- Input -
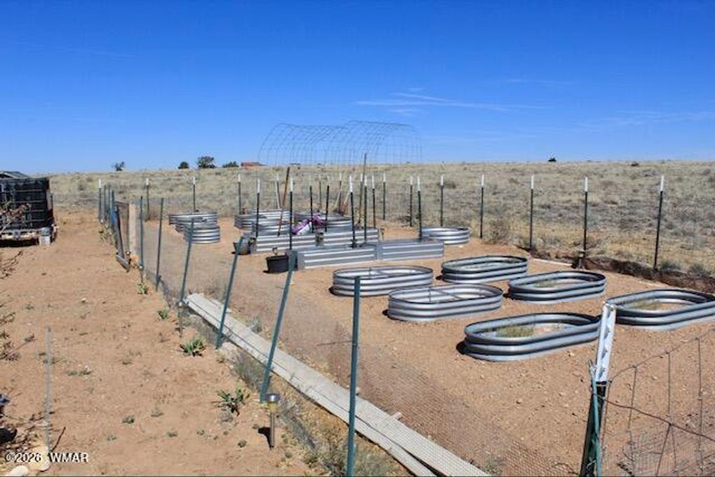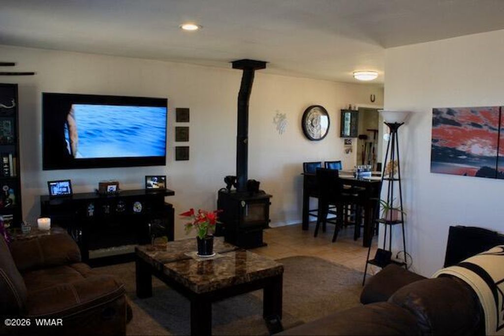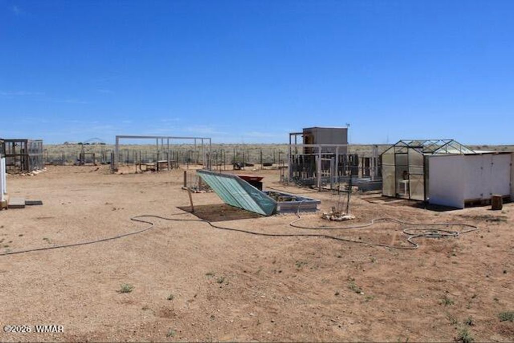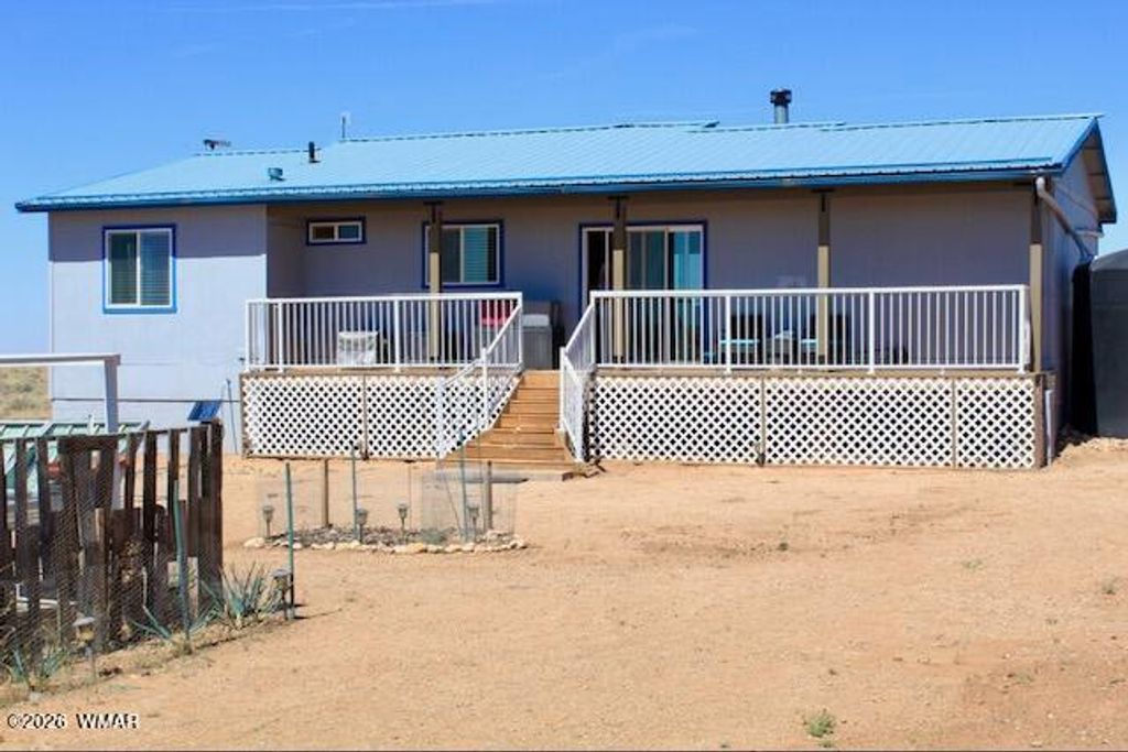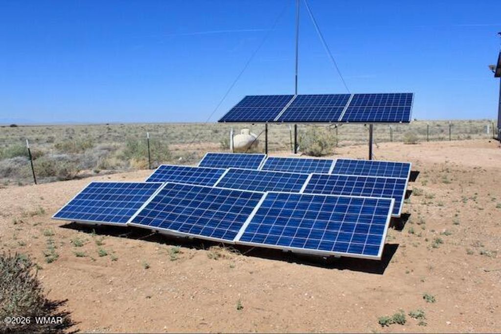Experience true Arizona independence with this off-the-grid retreat in the scenic community of Chevelon Canyon Ranch. Set on 37.5 private acres, this property offers unmatched peace, privacy, and wide-open skies. The home lives larger than expected, featuring two generously sized bedrooms and a well-appointed bathroom. The expansive kitchen and dining area provide plenty of room to gather, with a gas stove perfect for home-cooked meals. A cozy family room with a wood-burning stove creates a warm and inviting space during cooler months. Take in endless panoramic views from both the front and back porches--ideal for enjoying quiet mornings and breathtaking sunsets. Designed for self-sufficient living, the property includes owned solar and wind power, a conventional septic system, a 3,000-gallon water tank, and a rainwater harvesting system. Water can also be conveniently hauled from the nearby community source less than a mile away. The land is thoughtfully improved with partial fencing, a large fenced chicken coop, a dedicated goat enclosure, fenced garden areas, a greenhouse, and mature fruit trees--perfect for those seeking a sustainable lifestyle. Enjoy the perfect blend of modern comfort and off-grid living in this exceptional Northern Arizona escape.
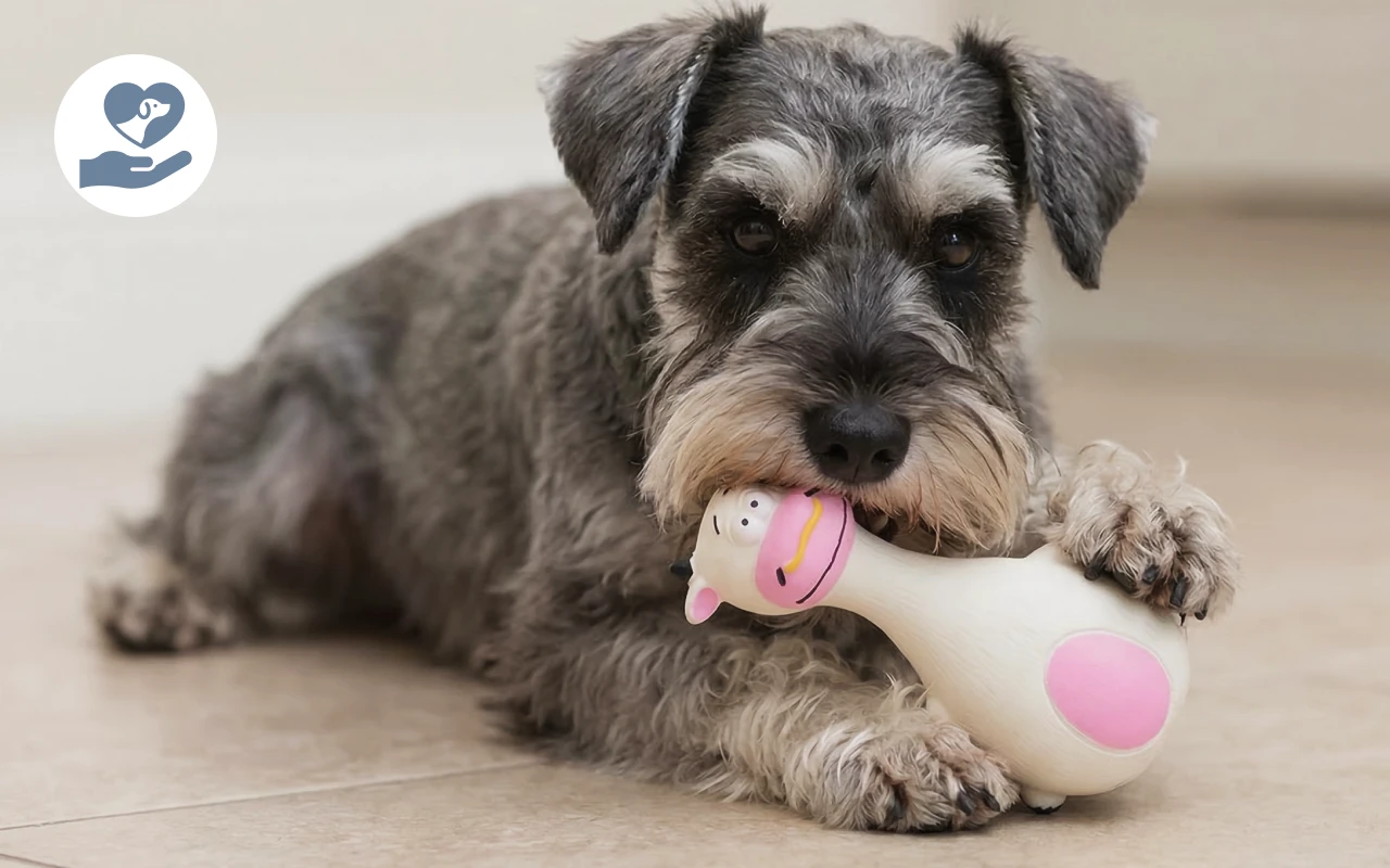 Tecknad pipleksak som får mina små hundar att tugga glatt.
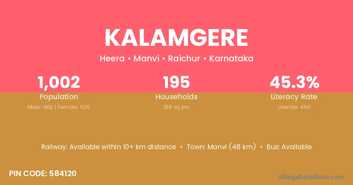 Manvi (48 km) is the nearest town to Kalamgere village for major economic activities and is located approximately 48 km away.
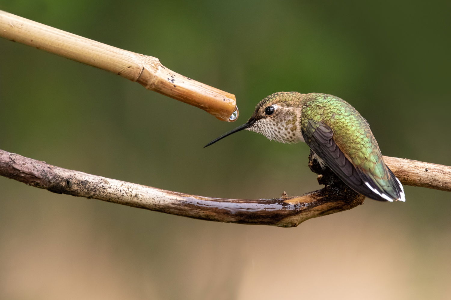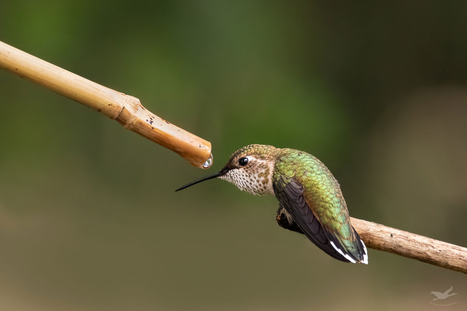 7DII, Sigma 150-600 C @ 516 mm, tripod with ball head and sidekick from a permanent blind. The bamboo is a water drip feeding a pond. The hummer did drink from it.
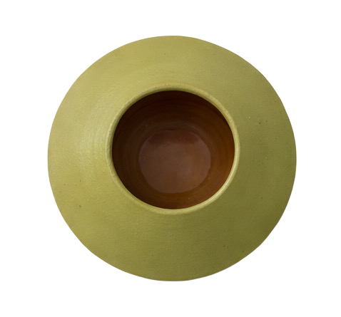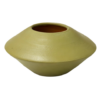 Jarrón decorativo de cerámica con silueta orgánica y acabado mate en tono verde oliva.
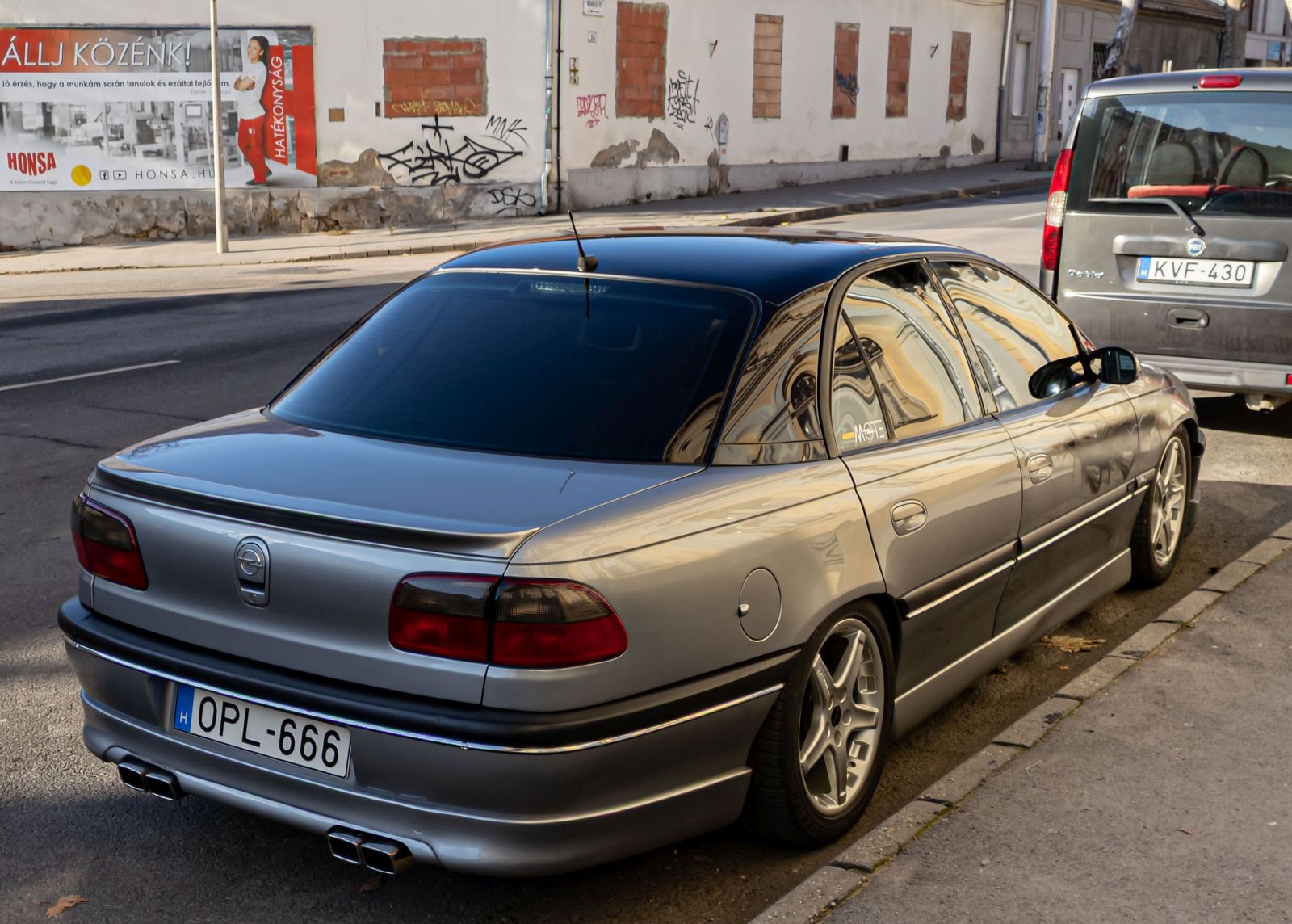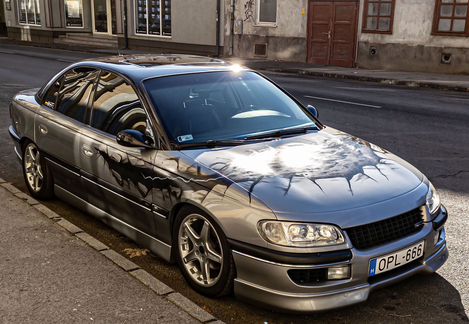 Dieser Opel Omega B gehört mit Sicherheit zu einem Opel-fan, der auch eine passende Kennzeichen bestellt hat, unddas Auto getunt hat. Foto: Dezember, 2022.

- What you should do -
Nothing but the lines from the one containing "7DII, Sigma 150-600" through the final line of the records, both included and copied exactly, should appear in the answer; pictures stay out.

- Result -
 7DII, Sigma 150-600 C @ 516 mm, tripod with ball head and sidekick from a permanent blind. The bamboo is a water drip feeding a pond. The hummer did drink from it.
 Jarrón decorativo de cerámica con silueta orgánica y acabado mate en tono verde oliva.
 Dieser Opel Omega B gehört mit Sicherheit zu einem Opel-fan, der auch eine passende Kennzeichen bestellt hat, unddas Auto getunt hat. Foto: Dezember, 2022.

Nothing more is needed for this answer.